A simple random sampling technique was used to select five public Health institutions in the Assosa zone: one general hospital, one dsistricthospital, and three health centers. The sample size was allocated to each hospital and health center based on the previous year's (2019) antenatal care performance reports (mothers come for ANC visit in the last trimester pregnancy or after 28 weeks of gestational age up to 1 week after delivery). As a result, a total of 1,284 pregnant mothers have visited five health institutions for ANC in the same month of the previous year of the study. The k^th-value is calculated by dividing 1,284/456 = 3. A systematic random sampling method was used to select both exposed and non-exposed pregnant mothers from each health institution using every 3rd interval until the expected sample was obtained. Eventually, a total of 456 (152 exposed and 304 non-exposed) were selected and enrolled in the study depending on proposition population size (PPS) according to case flow of the selected health facilities.

Data collection tool and techniques

The data was collected through a pre-tested and structured interviewer-administered questionnaire and checklist. The data collection tool was adapted and modified from previous similar studies (10, 13, 16). The tool has three sections: socio-demographic, obstetric, and reproductive health history. Gestational age was estimated as the interval of complete weeks from the last normal menstrual period to the child's date of birth. When there are extra days it is counted to the near lowest gestational age but if the mother did not remember or recall her last normal menstrual period; gestational age was estimated from the ultrasound result through reviewing the mother's chart. Then the mothers, who were eligible for the study were categorized into exposed and non-exposed based on pregnancy intervals. The study was followed Starting from 28 GA weeks up to 1 week after delivery to seek the effect of inter-pregnancy interval on perinatal outcomes. Five BSc midwives were assigned to each health institution to gather data in two phases. Two MSc holders were recruited to supervise the overall data collection technique. During the first phase of data collection; socio-demographic and obstetric characteristics were collected and follow-up. The second phase of data collection was held at the labor and delivery ward to assess perinatal outcomes.

Data quality control

Data quality was ensured during data collection, coding, entry, and analysis. The training was given to data collectors and supervisors before data collection to prevent any confusion and have a common understanding of the study. Before actual data collection, a pre-test was done by using 5% of the sample size in non-selected health institutions to check the validity and reliability of the questionnaire and evaluate the outcome of the tool. Completeness of data was checked daily and coded before data entry.

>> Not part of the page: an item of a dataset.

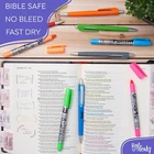 Always a good idea to do a test on a blank page of the Bible to confirm no bleed, as some Bibles have extra thin paper. A good idea to test and confirm. Bible Study Kit With Gel Highlighters And Pens No Bleed Through, Amazing Bible Highlighter and Pens Fine Tip set Planner Supplies Gifts (10 Pack) ON SALE! Full Price Normally $24.98 BIBLE STUDY SUPPLIES - The Bible highlighters and pens no bleed includes x5 Dry Highlighter x5 Colored Bible Pens for journaling BIBLE SAFE - No bleed through thin paper like the regular markers do. The gel highlighter and fine point ball pens are Bible friendly GEL HIGHLIGHTERS - The wax makes a great medium for the ink because it keeps the ink from soaking through to the other side of the page. BIBLE PENS - No Smear, Draw Smooth, Fast Dry and Consistent writing. Ball pen design will prevent ink bleed. HELPFUL BOOK ACCESSORIES- These Bible journaling items come with all that you need to embrace your faith and engage with scripture through art in a colorful, organized and creative way AMAZING DESIGNS - Enjoy your journal time with the scripture markers and beautiful pens with great quality and unique designs A PERFECT GIFT - A great way to surprise your loved ones with a great set of Bible accessories. FOR MORE BIBLES & BIBLE STUDIES, VISIT OUR EBAY STORE: https://www.ebay.com/str/impactchristianbooks/BIBLES-STUDY-RESOURCES/_i.html?store_cat=16263743015

Data processing and analysis

The collected data were entered and cleaned using Epi-data version 3.1 and exported to STATA version 14 softwarefor data analysis. Basic descriptive analyses were done and presented as frequency and percent for categorical variables. Continuous variables were reported using mean with standard deviation. To estimate relative risk, a log-binomial regressions model by adding “form on the command” was used to identify the effect of short inter-pregnancy intervals on perinatal outcomes. A p-value <0.05 with 95% CI was considered to declare statistical significance. Maternal age, educational status, residence, gravidity, parity, maternal hemoglobin status, and maternal Rh-factor were controlled in the statistical models.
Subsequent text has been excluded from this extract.